A l'époque du vote de la loi, cette mesure avait provoqué un débat dans la communauté des archivistes, qui se voit donc aujourd'hui ranimé. La ministre est restée vague sur les détails de ce projet de loi, et on ne sait pas, par exemple, ce qu'il faudrait revoir selon elle. En tout cas, bouleverser maintenant la loi sur les archives alors que certains services commençaient juste à réorganiser leurs fonds en fonction des "nouveaux" délais de communicabilité introduits par la loi de 2008 ne va pas aller sans poser de problèmes ! A cela, il va falloir ajouter la mise à jour des instruments de recherche existants et le reparamétrage de tous les logiciels de gestion documentaire...
Si
l’accès aux
archives publiques est un droit, que l'on pourrait qualifier
d'inaliénable pour les citoyens, l'accès aux archives concernant les
armes de destruction massive n'est pas non plus une atteinte à ces
droits, travailler sur l'arme atomique ou la dissuasion nucléaire ne
nécessitant pas forcément d'avoir accès à des connaissances sur les
techniques de physique nucléaire. Pour ma part, je ne suis pas contre le côté incommunicable de certaines archives liées aux armes de destruction massive, du moment que l'on ne fait pas une application stricte de ce principe. A titre d'exemple, il est normal qu'un témoignage de technicien ayant travaillé sur l'arme nucléaire puisse être accessible aux chercheurs, sans pour autant que ces derniers aient accès aux documents d'archives produits par lui.

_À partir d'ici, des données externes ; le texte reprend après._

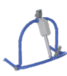
Medium & Large 4-point Powered Dynamic Positioning System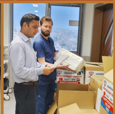
Turkiye/Syria Earthquake Relief 2023-24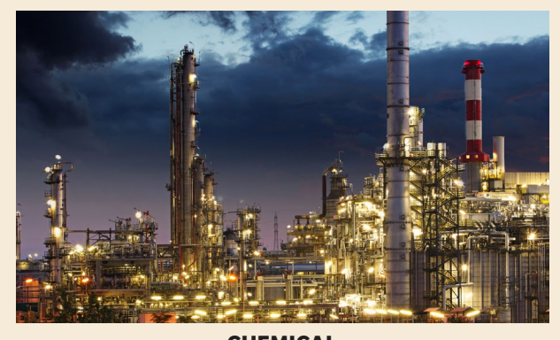
CHEMICAL Brass Valve Dry Chemical, Z-Series, Wheeled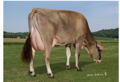
Switzer Tals Thunder Donia- Maternal Sister to DOBOY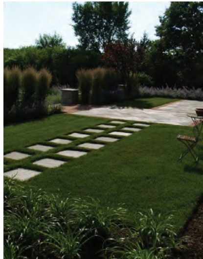
12x12 square walk to patio

Au final, la seule alternative à l'incommunicabilité des archives est l’introduction de longs délais, éventuellement révisables. Mais réviser des délais périodiquement sur une période longue de centaines d'années ne revient-il pas à ne pas communiquer des archives ?
Bonjour,
RépondreSupprimerDès lors que les informations sont obsolètes au niveau Défense Nationale depuis disons 10 ans quel intérêt y-a-t-il à bloquer le communication?
Tous ces documents devraient être directement aux AN et nulle part ailleurs on serait déjà un peu plus sûr que la même règle s'applique à tous.
Les sites nucléaires civils ont sait où ils sont donc pourquoi les cacher? Absurde.
Les lieux de stockage des armes nucléaires sont déjà beaucoup moins connus et là une libération des données concernant un site désaffecté depuis 30 ans (pe) ne peut en aucun cas gêné le pourquoi la protection avait été mise, donc protection pipot!
Par contre le mode d'emploi pour faire la bombe, là oui la protection peut être quasi permanente.
Amitiés
Les documents concernant la Défense n'iront jamais aux AN car ils sont conservés par le Service Historique de la Défense à Vincennes.
RépondreSupprimerLe Code du patrimoine ne parle pas du nucléaire civil, mais comme c'est précisé dans l'article, des archives publiques [...] permettant de concevoir, fabriquer, utiliser ou localiser des armes nucléaires, biologiques, chimiques. Il n'y a aucune mesure d’incommunicabilité concernant la localisation des sites nucléaires civils.
Enfin, il n'existe pas un "petit guide pratique pour fabriquer une bombe nucléaire"... Une information concernant la dissuasion nucléaire ne devient pas obsolète au bout de dix ans. Il y a tout un tas de pays/organisations qui seraient très contents de pouvoir mettre la main sur nos plans de fabrication d'il y a 30 ans, même s'ils sont pour nous obsolètes.